Supplied records -
=======

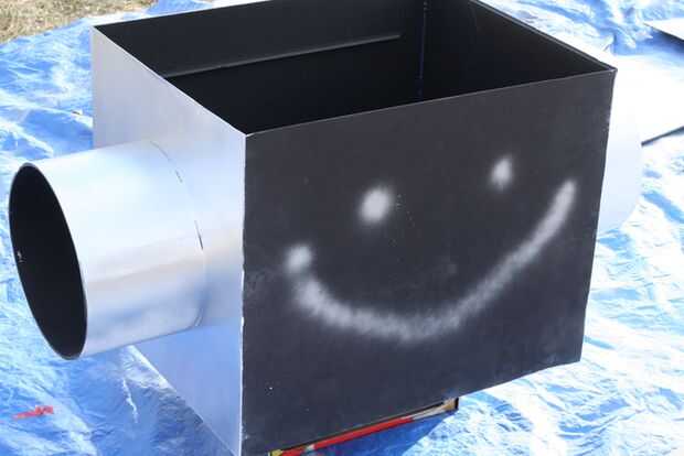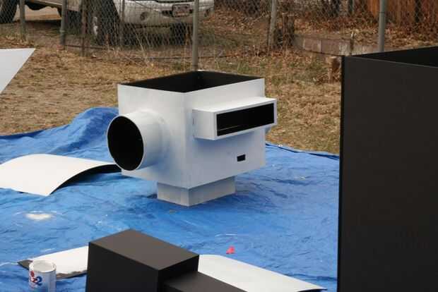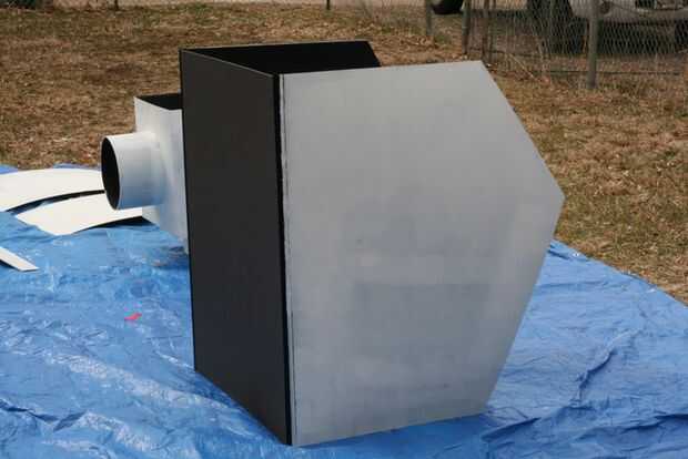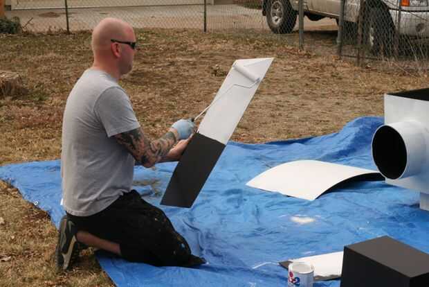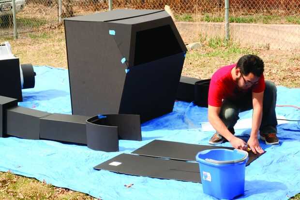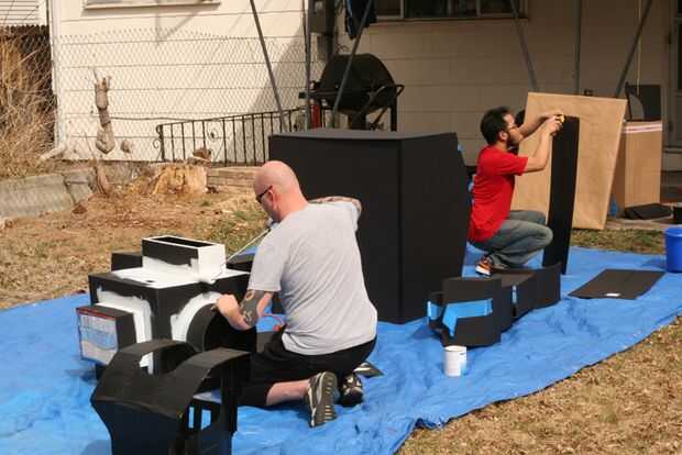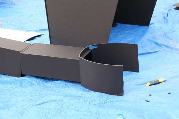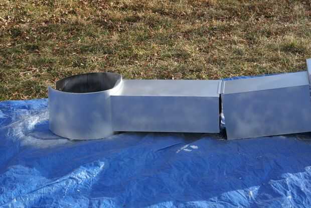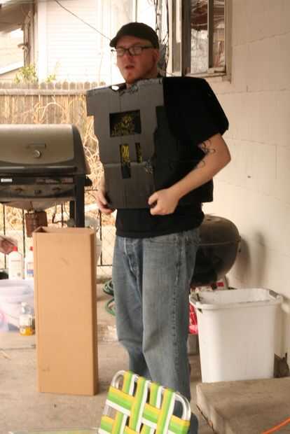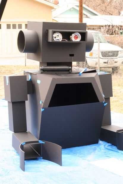 The next day I took the robot to get painted. Puesto que el cuerpo fue construido utilizando bisagras de cartón pluma era más fácil transporte. Una vez que llegaron a una casa de amigos, la Asamblea fue fácil. Se colocó una lona y comenzó el montaje de prueba. Primer primero fue establecido y después de secado 2 latas de super plata se utilizó pintura.
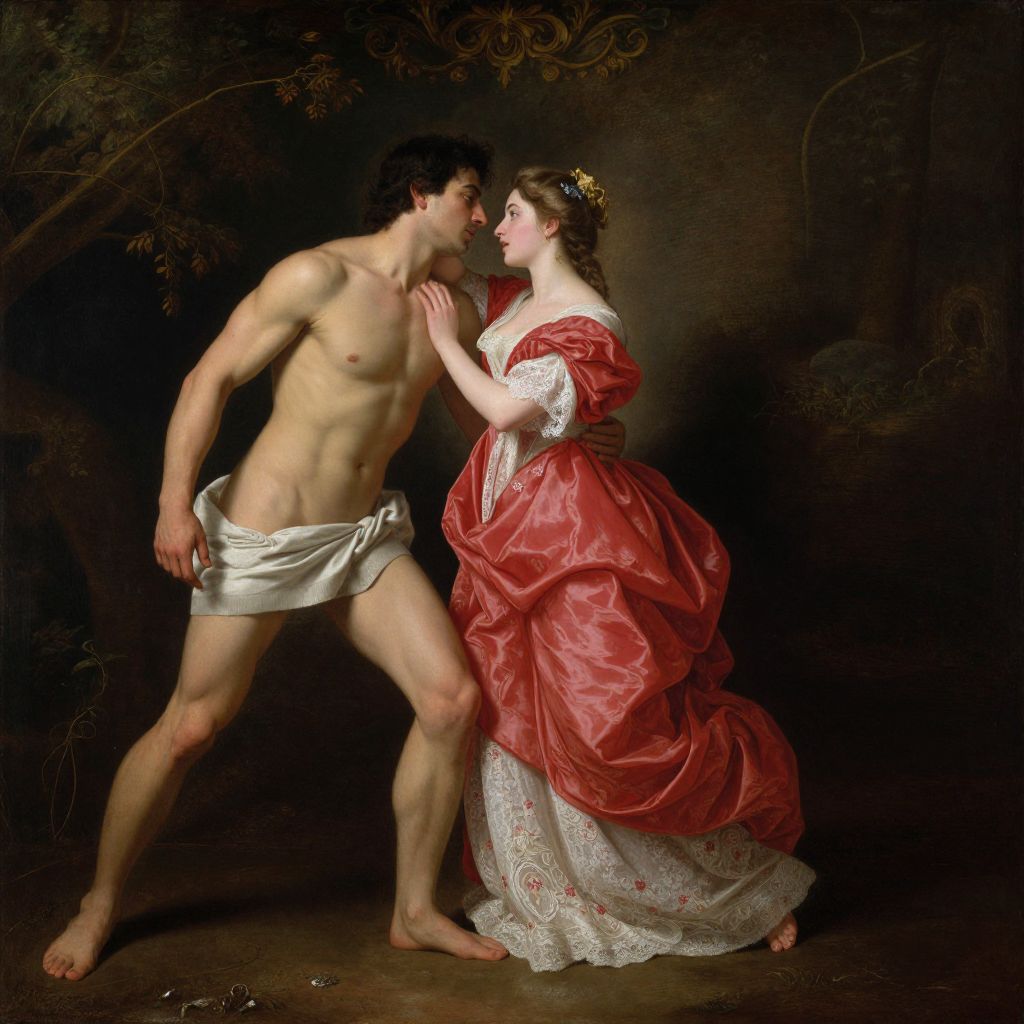 A romantic and classical-style digital artwork reminiscent of Peter Paul Rubens, featuring a muscular, shirtless man and a woman in a flowing red dress adorned with white lace, set against a dark, forested backdrop with dramatic lighting and intricate details.
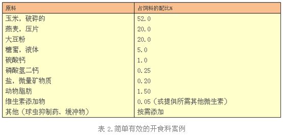 以上的飼料以干物質(zhì)為基準(zhǔn)含有18%的粗蛋白和80%的總可消化養(yǎng)分(TDN)。這種配方是簡(jiǎn)單、有效的。如果再加入玉米和燕麥并做成顆粒(通常玉米是以整粒形式添加),就能成為非常好的開(kāi)食料。
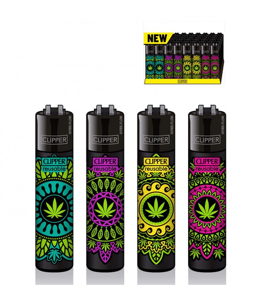 Questo set di accendini della Clipper è caratterizzato da una grafica accattivante a tema mandala e cannabis. Ovviamente gli accendini sono ricaricabili e inoltre è possibile sostituire la pietra focaia.
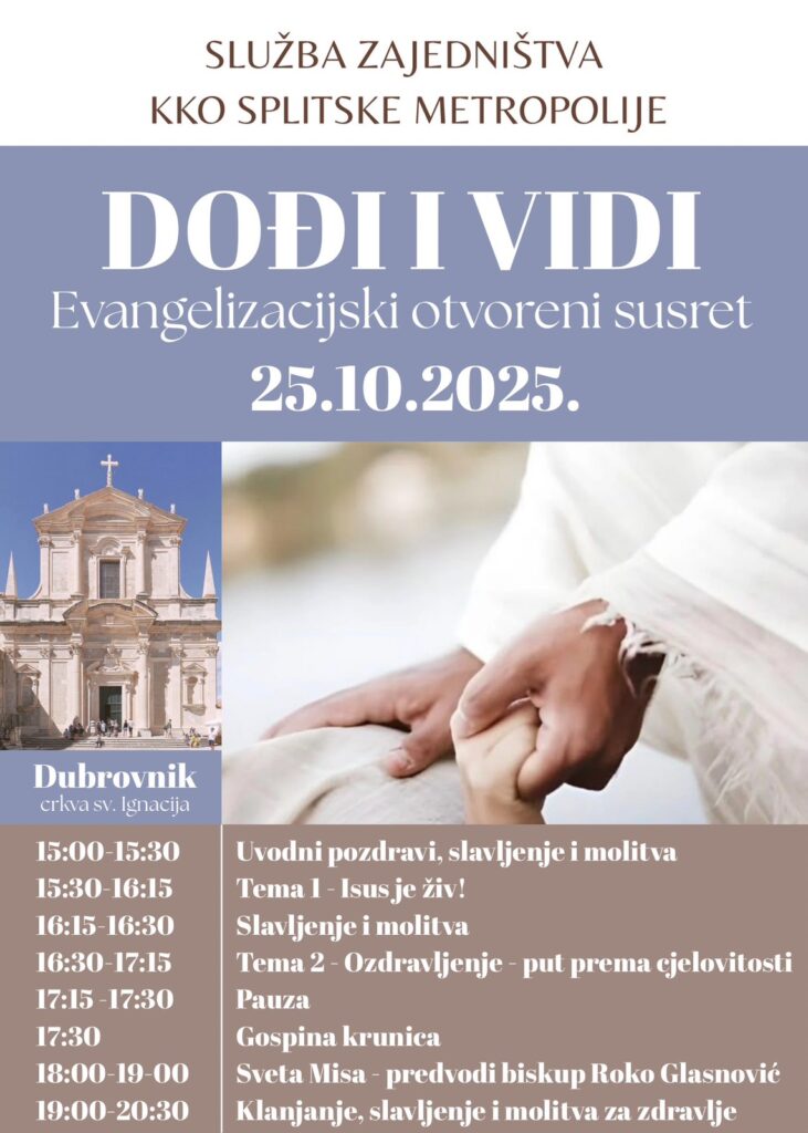 Otvoreni evangelizacijski susret za sve zainteresirane pod nazivom „Dođi i vidi“ održat će se u crkvi sv. Ignacija s početkom u 15 sati. Na susret mogu doći svi zainteresirani. Susret će se sastojati od nagovora o dvjema temama, molitve, slavljenja i klanjanja, a euharistijsko slavlje u 18 sati predslavit će dubrovački biskup Roko Glasnović.
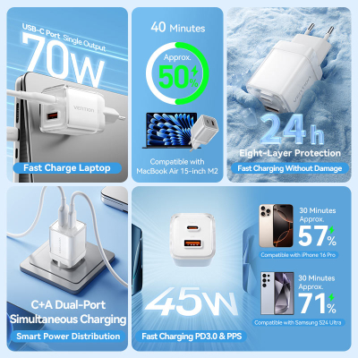 Тип - адаптер, Живлення - мережа, Призначення - для планшета, для фітнес-браслета, для рацій, для геймпада, для екшн-камер, для смарт годинника, для TWS навушників, для телефону, тип вихідного підключення - USB Type-C, USB, Max - 3.5 А, 70 Вт, кількість USB портів - 1 x USB, 1 x USB Type C, швидка зарядка - Fast Charging, сірий
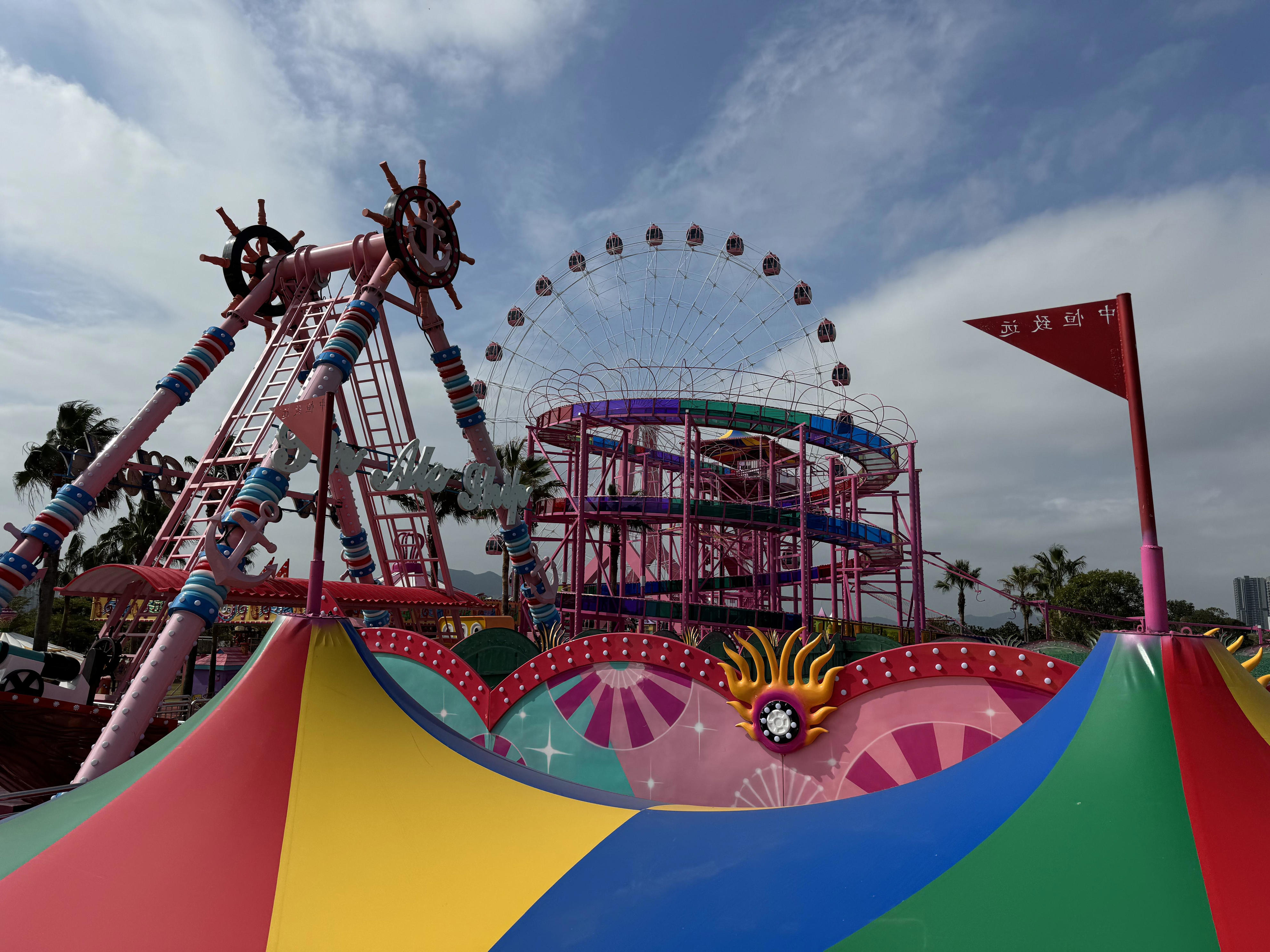 走进金湖欢乐世界,一片粉色系列的游乐设施让人心动不已。12个动力设施以及1个无动力设施,涵盖了新奇、欢乐、温馨等多种体验。其中,48米高的带空调摩天轮成为乐园的标志性项目,乘坐它游客们可以在高空尽享金湾的美景。珠海首个玻璃水滑道项目可以让游客通过水上滑行解锁刺激新体验。海盗船、摇头飞椅等经典项目也将让游客感受到波涛汹涌的刺激和空中飞人的自由旋转。此外,园内还有碰碰车、豪华转马、激战鲨鱼岛、迪斯科转盘、魔幻镜宫、旋转塔、太空漫步以及无动力乐园等丰富多样的游乐设施,可以满足不同年龄段游客的需求。
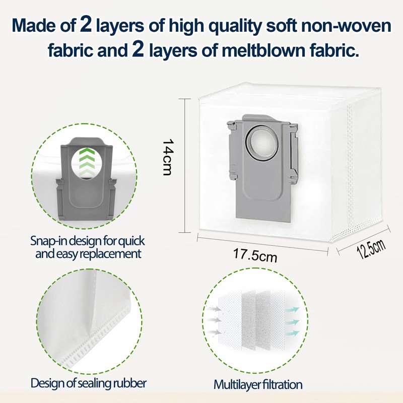 - ✅ Perfect compatibility: Our dust bags are only suitable for Roborock S8+/ S8 Pro Ultra/ S7/ S7 MaxV Ultra/ S7 Pro Ultra/ Q7+/ Q7 Max+/ Q8 Max+/ Q5 Pro+ and other vacuum cleaner models. Please check compatibility with your vacuum cleaner model before purchasing.
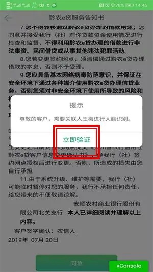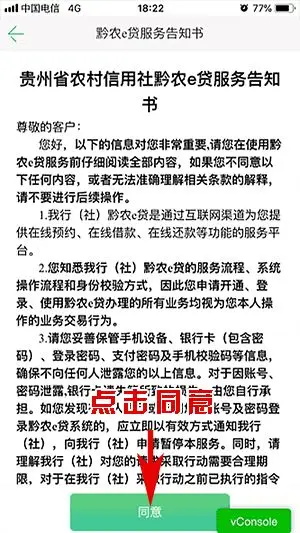 进入黔农e贷服务告知书:确认信息点击同意。

=======

What to produce -
What's needed is an exact copy of the records above from the line containing "以上的飼料以干物質(zhì)" down to the line containing "Questo set di", both included, without any pictures.

Solution to this exercise -
 以上的飼料以干物質(zhì)為基準(zhǔn)含有18%的粗蛋白和80%的總可消化養(yǎng)分(TDN)。這種配方是簡(jiǎn)單、有效的。如果再加入玉米和燕麥并做成顆粒(通常玉米是以整粒形式添加),就能成為非常好的開(kāi)食料。
 Questo set di accendini della Clipper è caratterizzato da una grafica accattivante a tema mandala e cannabis. Ovviamente gli accendini sono ricaricabili e inoltre è possibile sostituire la pietra focaia.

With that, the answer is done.